**Collected data**
╔══
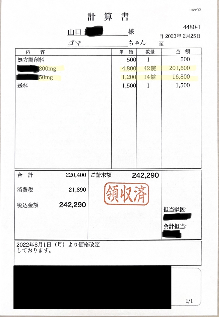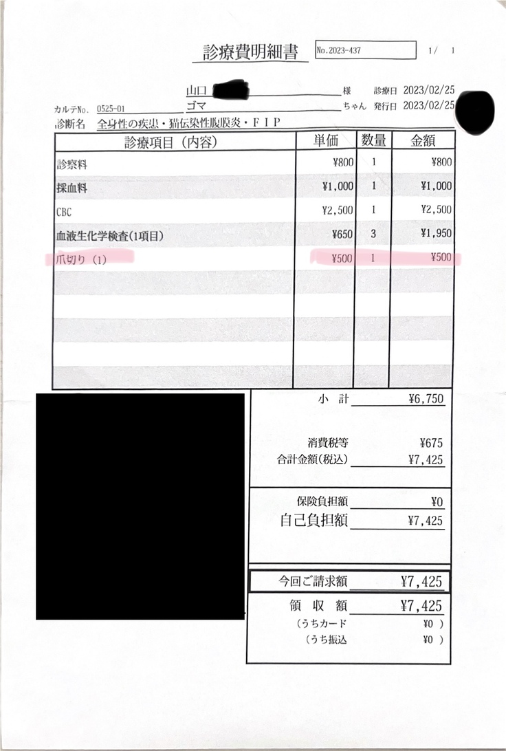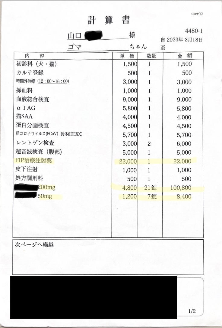 🌼FIPと診断がついてからの累計額
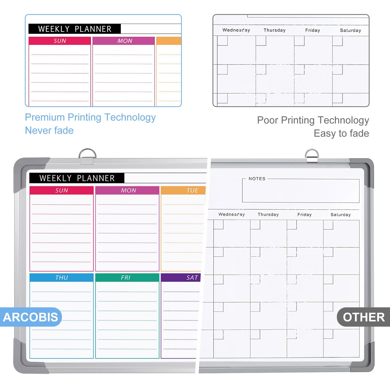 ARCOBIS Whiteboard Wochenplaner Magnetisch, Klein 40x30cm Magnettafel Whiteboard Kalender, Wand HäNgende Doppelseitige Tafel füR Planung, To Do Liste, Zeichnen, Schule, Zuhause, BüRo
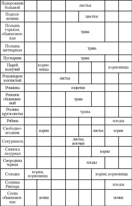 Перед тем как приступить к сбору лекарственных растений, необходимо ознакомиться с ними и, конечно же, научиться отличать полезные целебные растения от похожих на них малоценных или даже ядовитых видов. Особенно важно правильно определить время сбора растений, поскольку оно зависит от местных метеорологических и почвенных условий и может быть неодинаковым для разных районов страны. На практике сроки сбора уточняются по внешним признакам, установленным в основном опытным путем с учетом того, что в данный момент процент содержания лекарственных веществ в растениях должен быть самым высоким. Ниже будет приведен календарь сбора лекарственных растений.
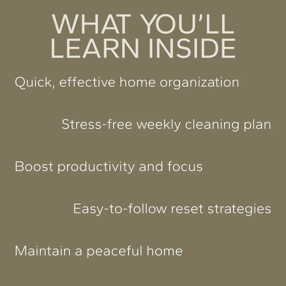 This package ensures effortless home organization with simple, repeatable systems. My home stays tidy without any stress - what more could you ask for?
╚══
Return only the lines running from the top of the data to the line that holds "ARCOBIS Whiteboard Wochenplaner". Include both of those lines, but skip the pictures.

 🌼FIPと診断がついてからの累計額
 ARCOBIS Whiteboard Wochenplaner Magnetisch, Klein 40x30cm Magnettafel Whiteboard Kalender, Wand HäNgende Doppelseitige Tafel füR Planung, To Do Liste, Zeichnen, Schule, Zuhause, BüRo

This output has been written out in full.